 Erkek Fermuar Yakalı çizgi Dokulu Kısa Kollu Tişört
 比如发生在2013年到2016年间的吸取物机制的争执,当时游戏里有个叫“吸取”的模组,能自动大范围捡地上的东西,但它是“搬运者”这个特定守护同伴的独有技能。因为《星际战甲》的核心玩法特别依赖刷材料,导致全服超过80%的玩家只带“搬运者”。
#####
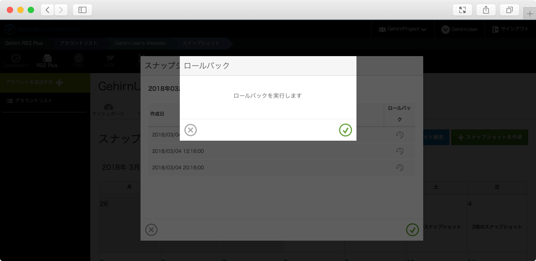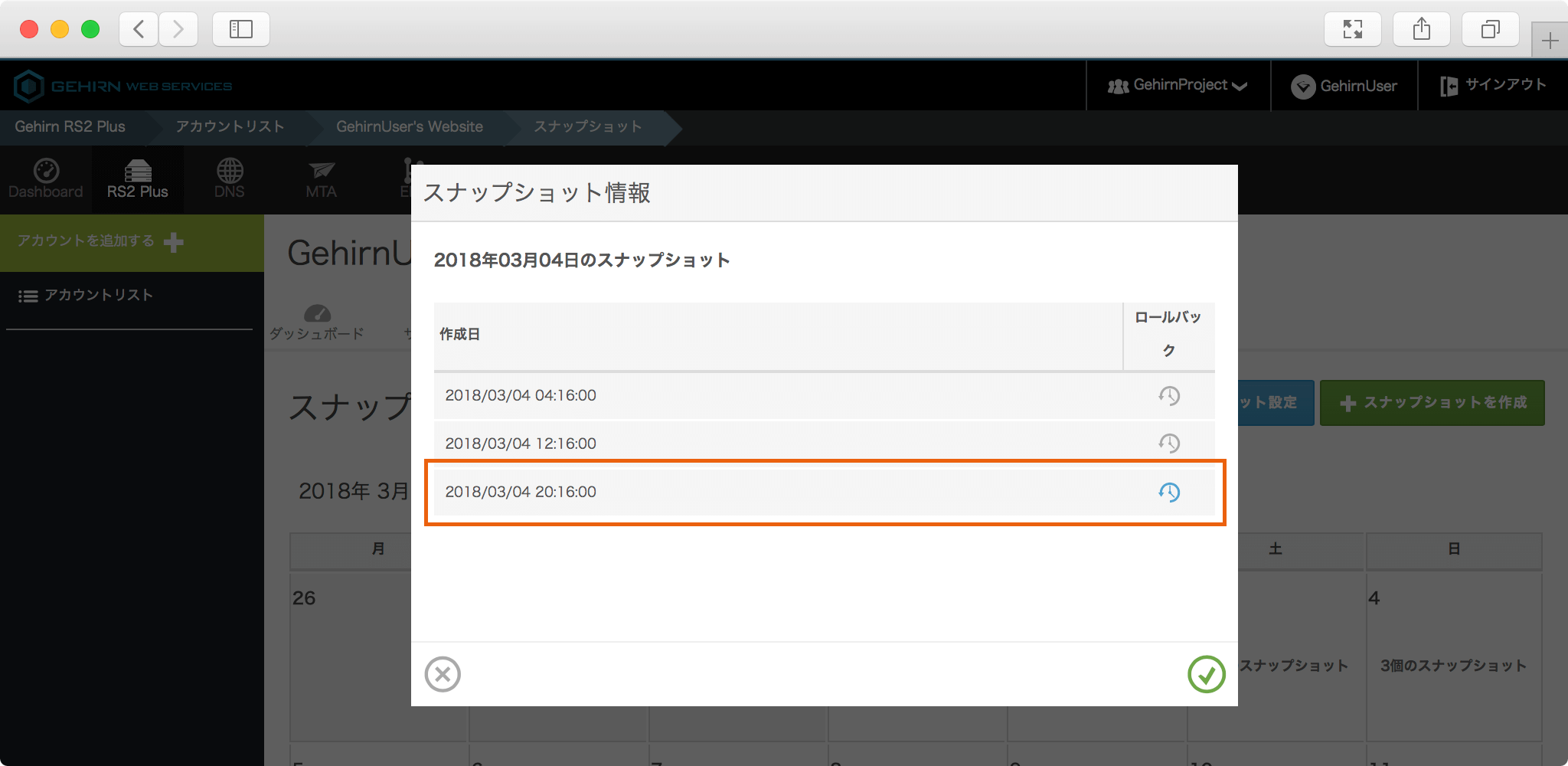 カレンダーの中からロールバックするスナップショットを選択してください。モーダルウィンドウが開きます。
#####
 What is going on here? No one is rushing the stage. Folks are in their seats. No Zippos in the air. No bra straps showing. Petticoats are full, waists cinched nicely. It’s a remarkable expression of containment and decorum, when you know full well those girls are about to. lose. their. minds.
#####
* EXERCISE PROMPT:
Could you return exactly the stretch of the data above that starts at the line with "Erkek Fermuar Yakalı" and ends at the line with "比如发生在2013年到201", both lines included?

* RESPONSE AREA:
 Erkek Fermuar Yakalı çizgi Dokulu Kısa Kollu Tişört
 比如发生在2013年到2016年间的吸取物机制的争执,当时游戏里有个叫“吸取”的模组,能自动大范围捡地上的东西,但它是“搬运者”这个特定守护同伴的独有技能。因为《星际战甲》的核心玩法特别依赖刷材料,导致全服超过80%的玩家只带“搬运者”。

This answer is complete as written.